--- PROBLEM REQUIREMENTS ---
Exact copy, no pictures: output each line below as it stands.

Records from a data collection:
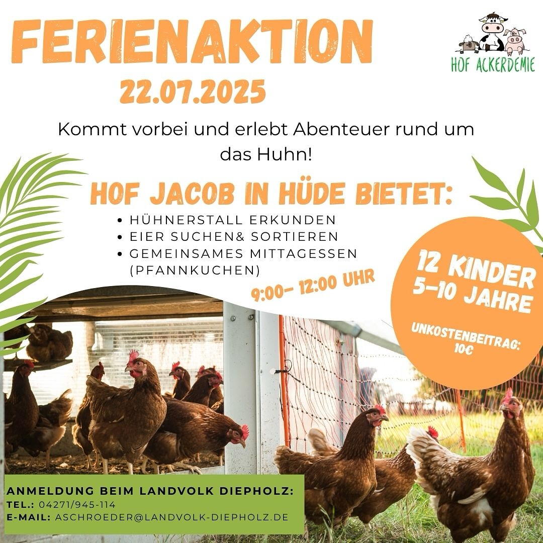 Bei der Sommerferienaktion der Hof Ackerdemie bekommt ihr einen tollen Vormittag auf dem Hof geboten. Neben einer Hofführung dürft ihr auch Eier suchen und sortieren und euch beim Mittagessen kräftig stärken!
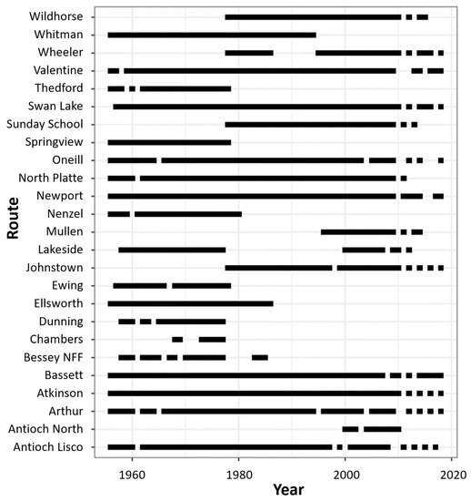 Available years of spring breeding ground count data from 1956 to 2018 for each of the 25 historical transects located in the Sandhills of Nebraska, USA. The black rectangles represent the collection of count data for a route in a given year. White spaces indicate an absence of data.
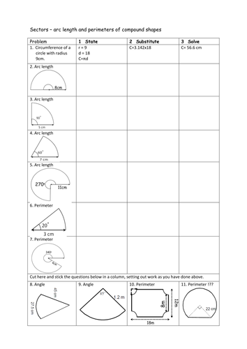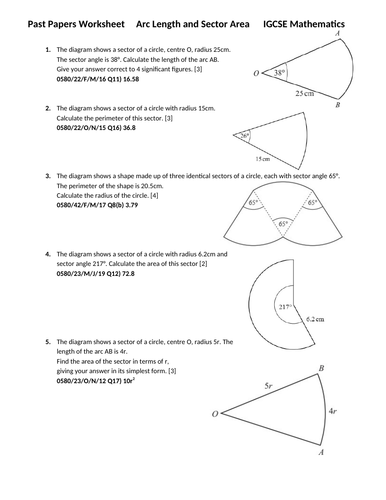 Geometry worksheet arc length sector area segment area answers
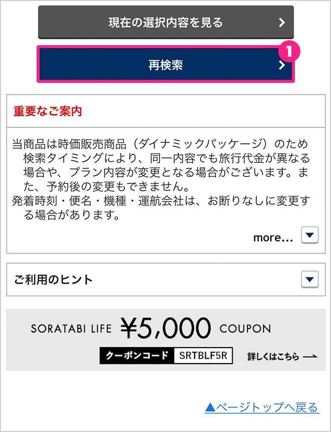 ※日程を変更する場合は、ページ最下部の「再検索」をクリック。
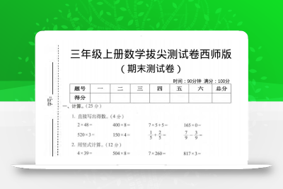 繁星职途 三年级 三年级上数学期末拔尖测试卷3《青岛63版》 https://www.fanxingzhitu.com/32095.html
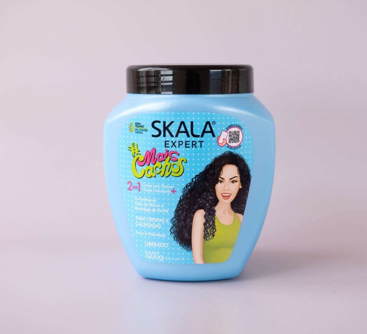 Skala Expert Mais Cachos 2 en 1 combina la acción de una crema de peinar y un tratamiento hidratante en un solo producto, ideal para cabellos rizados y crespos.
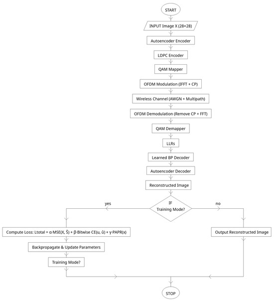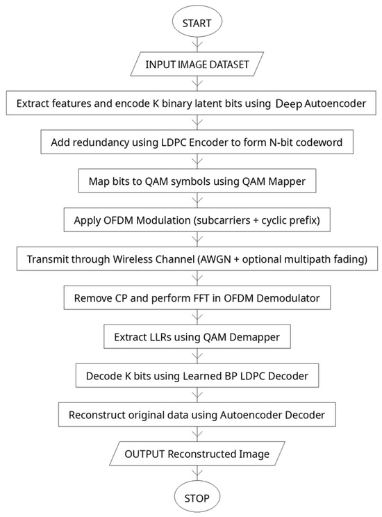 The proposed system, presents a complete end-to-end workflow of the Deep Autoencoder (DAE)–LDPC–OFDM transceiver integrated with a learned belief propagation (BP) decoder. This architecture is designed to jointly optimize data compression, channel encoding, modulation, and decoding in a unified learning framework. Unlike conventional communication systems that treat each of these components as separate blocks, the proposed transceiver leverages deep learning to connect them through differentiable layers. This design enables the network to learn feature hierarchies, adapt redundancy levels, and dynamically adjust to varying channel conditions. The system achieves robust, power-efficient transmission with low error rates and high reconstruction fidelity, representing a step toward fully intelligent communication architectures for 5G and beyond (see Figure 3).

--- EXERCISE SOLUTION ---
 Bei der Sommerferienaktion der Hof Ackerdemie bekommt ihr einen tollen Vormittag auf dem Hof geboten. Neben einer Hofführung dürft ihr auch Eier suchen und sortieren und euch beim Mittagessen kräftig stärken!
 Available years of spring breeding ground count data from 1956 to 2018 for each of the 25 historical transects located in the Sandhills of Nebraska, USA. The black rectangles represent the collection of count data for a route in a given year. White spaces indicate an absence of data.
 Geometry worksheet arc length sector area segment area answers
 ※日程を変更する場合は、ページ最下部の「再検索」をクリック。
 繁星职途 三年级 三年级上数学期末拔尖测试卷3《青岛63版》 https://www.fanxingzhitu.com/32095.html
 Skala Expert Mais Cachos 2 en 1 combina la acción de una crema de peinar y un tratamiento hidratante en un solo producto, ideal para cabellos rizados y crespos.
 The proposed system, presents a complete end-to-end workflow of the Deep Autoencoder (DAE)–LDPC–OFDM transceiver integrated with a learned belief propagation (BP) decoder. This architecture is designed to jointly optimize data compression, channel encoding, modulation, and decoding in a unified learning framework. Unlike conventional communication systems that treat each of these components as separate blocks, the proposed transceiver leverages deep learning to connect them through differentiable layers. This design enables the network to learn feature hierarchies, adapt redundancy levels, and dynamically adjust to varying channel conditions. The system achieves robust, power-efficient transmission with low error rates and high reconstruction fidelity, representing a step toward fully intelligent communication architectures for 5G and beyond (see Figure 3).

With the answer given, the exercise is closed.